The patient in coma does not need calories, he does not need the water that I need. I need this water because I do not move enough. The patient in coma CAN NOT move and that makes that he has not the same physical system as I have and the changes in his physical system make that he does not need water.

It is even worse. The water is to him poison like to me a meal that is cooked without love is poison. The meal looks normal but the energy that was accompagnying the cooking of the meal is what makes me sick.

If I eat a meal that was cooked in anger I get angry. I loose the connection to my love and it takes 3 days to come out of this energy again. I am not the only one that reacts like this on food.

Lots of people do so but do not know why they react the way they react. While they are eating and trying to enjoy the food they observe that they are not hungry any more. The inner wisdom tells them that the energy of the food is not good for them.

So they refuse, if they listen to their inner wisdom, to eat more of that, what was on the table. Next day they have the feeling of not being happy without comprehending why. Last nigh was such a lovely night! Before you got into the bed you felt marvellous. Your love was flowing and you felt it.

Next morning life was as horrible as before. Where did the love go? It was the soup that transformed your energy. The old soup that was made in the time that the thought of giving up was present.

This thought is in the soup and makes that you have now the thought of giving up again. And that is the power of energy. If the cook is full of love and puts this love into the food while he is cooking, this love will do its work and people will find him.

If the food is brought to the people without the love it was cooked with, the people will react to the not loving way the food is offered. The people see the outer side and the outer side is in this case the waitress.

I am not concerned about the way I look. My outer side is not important. At the contrary, there are lots of people that do not want to have anything to do with the woman or man that looks like a mannequin.

There are hanging posters around about Ireland and other countries, telling that there will be a lecture about that country and I wondered why these posters were so horrible to me. Everytime I saw them I got an unpleasant feeling.

It took me some time to find out what it was. It was the presentation. The person that offers the lecture takes 2/3 of the poster. That gives me the idea that the person is more important than that what he is offering.
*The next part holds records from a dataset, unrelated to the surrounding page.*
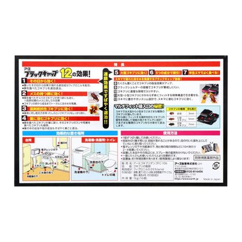 <アースブラックキャップ12の効果> 1)その日から効く! 置いたその日から効果が現れる速効成分フィプロニルを配合。 餌を食べたゴキブリを速効退治。 2)メスの持つ卵に効く! 餌を食べたチャバネゴキブリが持つ卵にも効く。※抱卵初期のメスに対しての効果 ゴキブリの卵から成虫までトータルに効きめを発揮。 3)薬剤抵抗性ゴキブリに効く! 薬剤に対し抵抗力を持ったしぶといゴキブリにもしっかり効く。 4)巣に潜むゴキブリに効く! 餌を食べたゴキブリが巣に戻り、そのゴキブリのフンや死骸を食べたゴキブリも駆除。 巣の中の幼虫や他の成虫もすばやく巣ごと退治。 5)大型ゴキブリに効く! 6)5つの成分で誘引! 7)半生エサでよく食べる! 8)たくさん置くことでゴキブリの殺虫効果がアップ。 9)ブラックシェルターの暗闇でゴキブリが警戒しにくい。 10)ゴキブリに適度な隙間で入りやすい。 11)大型・小型ゴキブリにかかわらず体にフィットする特殊構造で引き寄せる。 12)スキマに置きやすいスリム設計で、隙間に潜むゴキブリに効く。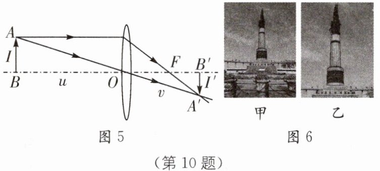 (3)如图6所示,用两个焦距不同的照相机在同一位置给防洪纪念塔拍摄了甲、乙两张照片,则拍摄照片______时,所用照相机镜头焦距较小.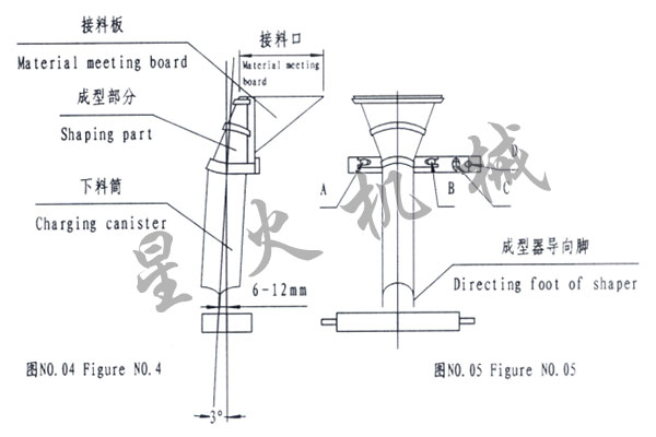 1、成型器的安裝如圖No.04, No.05成型器安裝參照圖No04, No.05標(biāo)準(zhǔn)。注意成型器須傾斜3度且導(dǎo)向腳與橫封封合線距離相差(6-12mm)。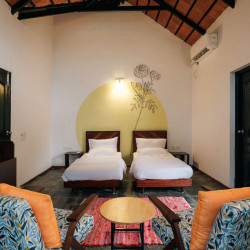 Discover The Meadow Farmhouse, a serene escape nestled in the scenic outskirts of KGF, Bangalore. This unique stay features a curated collection of luxurious cottages and tents, offering comfort surrounded by nature. With lush landscapes, a refreshing pool, and a dedicated playground for games like volleyball and badminton, it’s the perfect getaway for friends, families, and nature lovers. Whether you’re relaxing in a cozy bed or enjoying outdoor fun, this farm stay near Bangalore blends rustic charm with modern comforts.
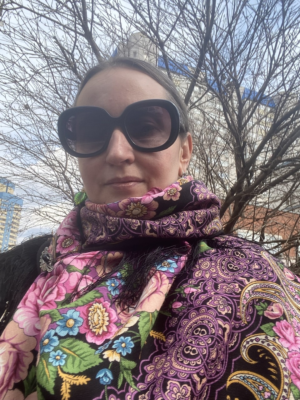 Вот да, обе Марины с сиреневыми тонами, у одной пальто, на котором особенно эффектны золото и терракота, у другой такой нежный, весенний платок. Только, Мариша, я не поняла, зачем тебе кайму убирать? Мне кажется, тебе ее цвет просто идеально подходит. Вообще этот платок - весенняя версия тебя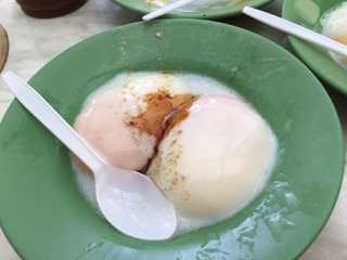 カヤトーストは温泉たまごをつけて

I am not interested in this person. The picture is not attractive to me. So I will never visit a lecture of him, even not if I am interested in what he has to tell. As I think this way, I do not put my picture in the internet.

Somewhere you find an old one. That is from another time. The time I had time to play golf. I love to play golf and I wish I could play it with my friends. But they too do not have time for such plays.
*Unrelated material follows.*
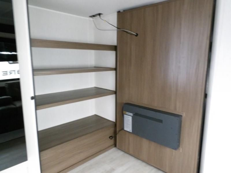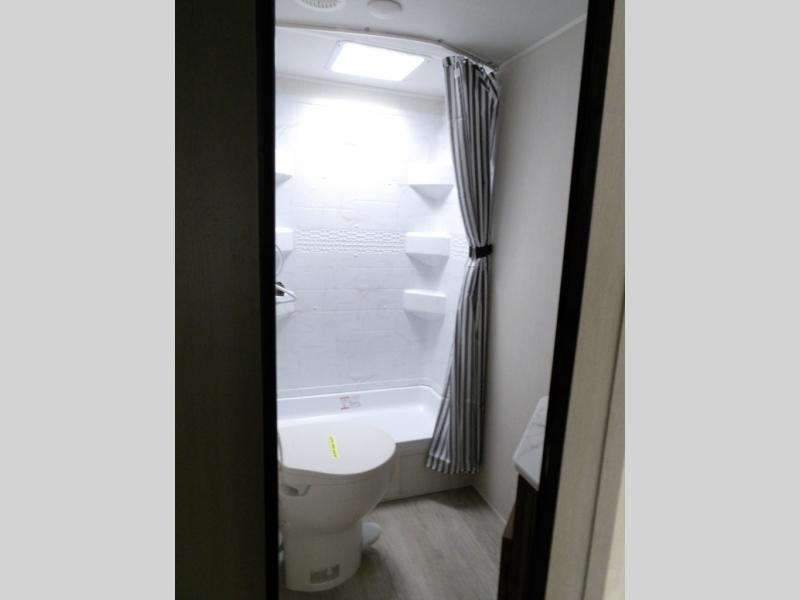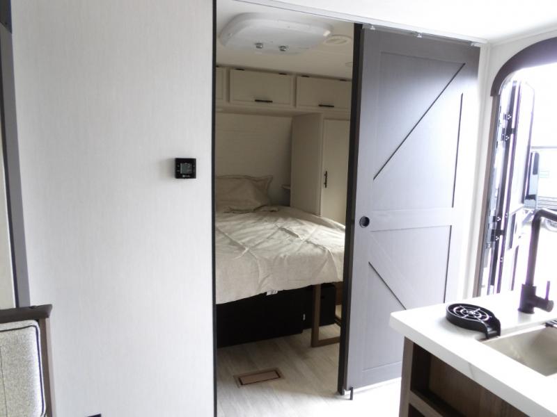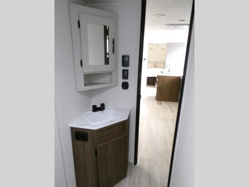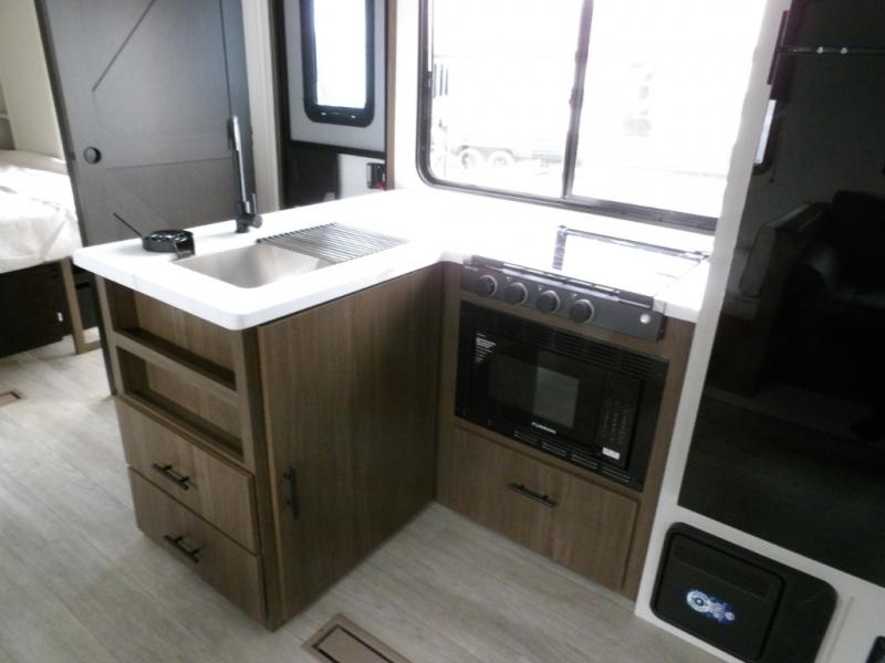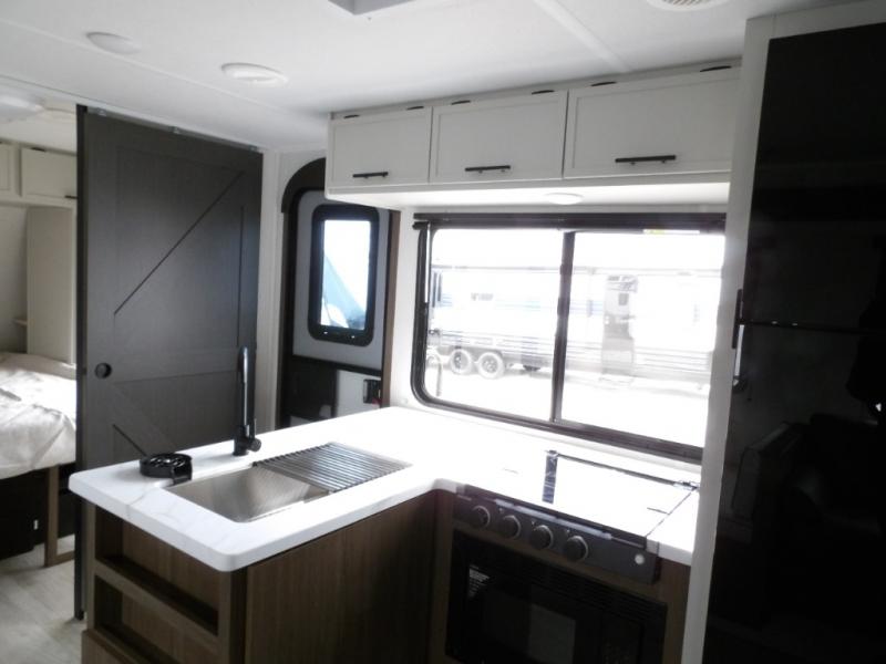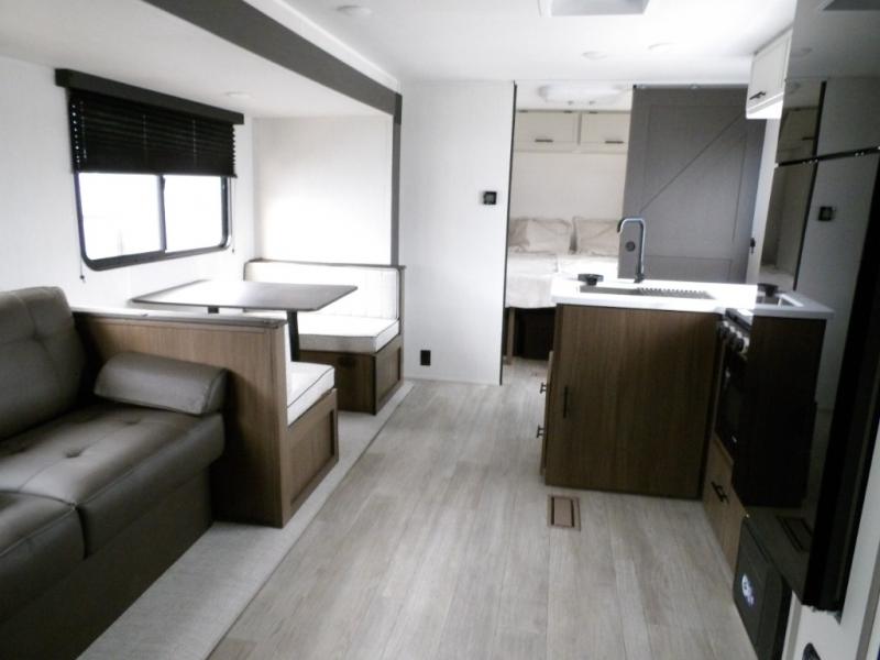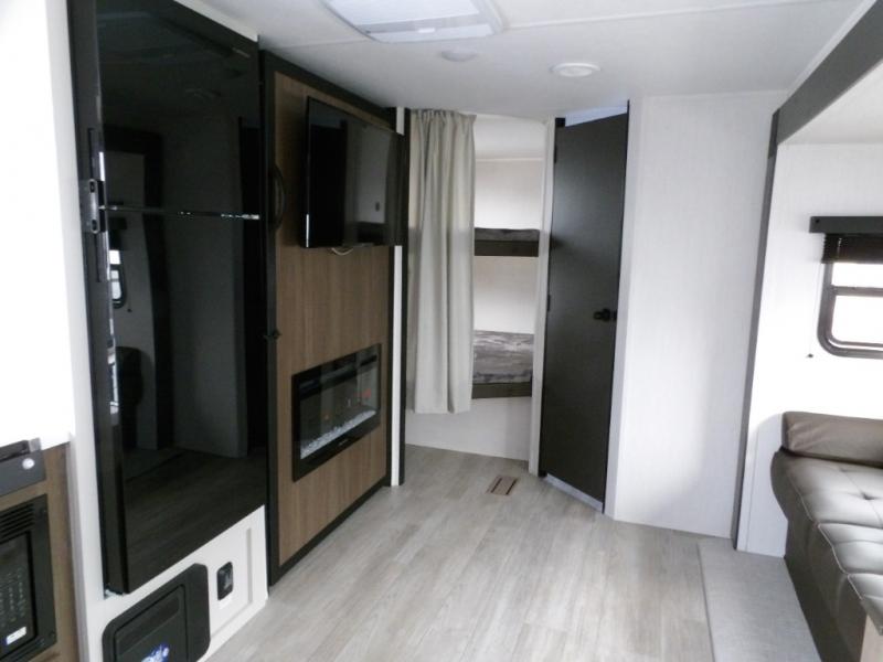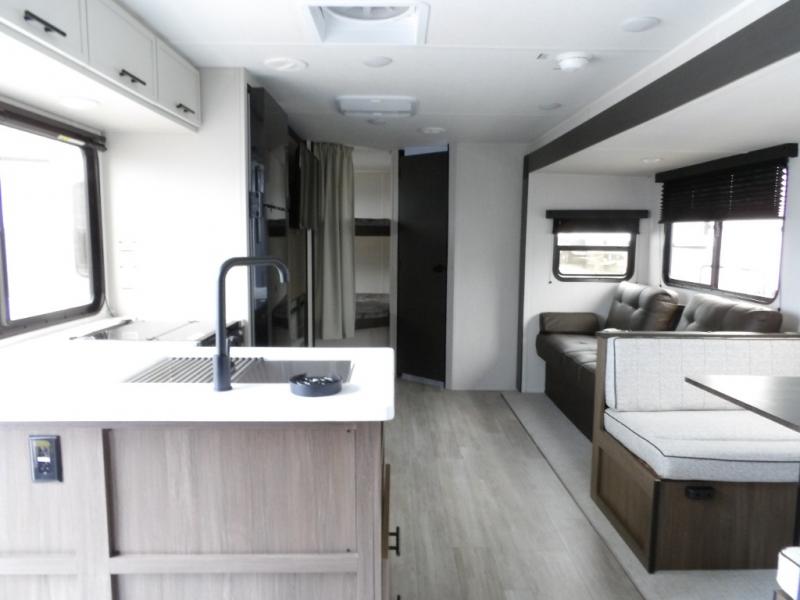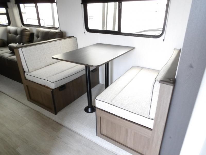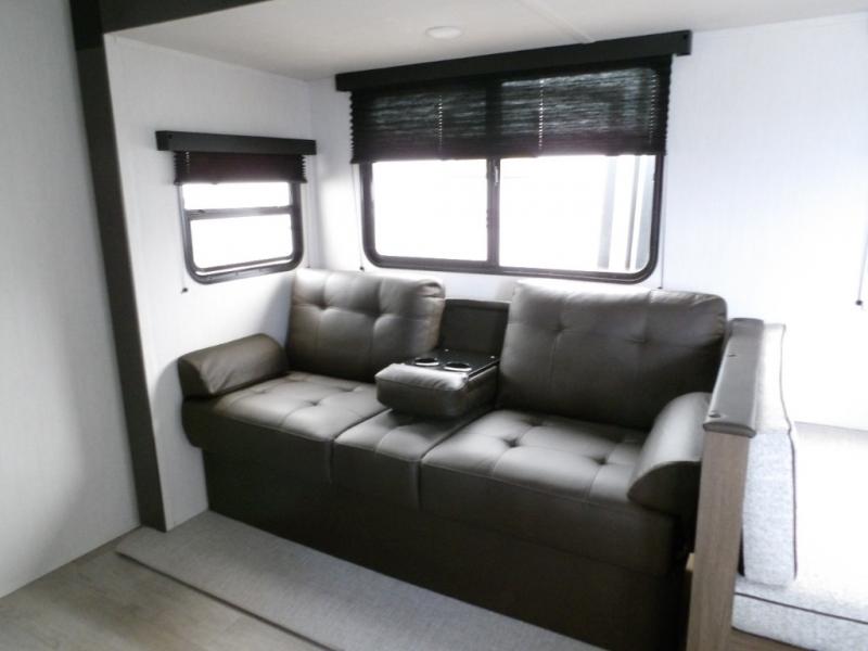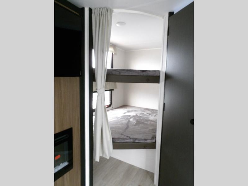 You'll appreciate the added space in this travel trailer thanks to the large slide out! The booth dinette and sofa are found here, and there is a moveable storage ottoman for extra blankets or board games. You'll have your own space up front in the private bedroom, complete with a camp king bed and storage for your things, while your guests take the double-size bunk beds towards the back. The chef of your group will find a three-burner cooktop and a built-in convection microwave with an air fryer to cook meals, plus there is a 12V refrigerator and large hidden pantry for food storage. This unit also includes a power awning outdoors and an outside refrigerator to keep cold drinks close by.

They are world citizens and on the road most of the time. They show me how my life will be and I wish we will all be at the same place often so we meet there. Just for a little bits party or a fresh made soup that is prepared whilst talking.

Love is flowing, not only in talking but also in doing. Thinking for the other and offering what we are aware that the other one needs. I do the thinking the therapists and nurses of the patient in coma must act.

They are responsible for the therapy and the nursing of the patient in coma. 24 hours nursing and nothing is moved! That is the situation now. Who is responsible for what the nurse and the therapist of the patient in coma knows and does?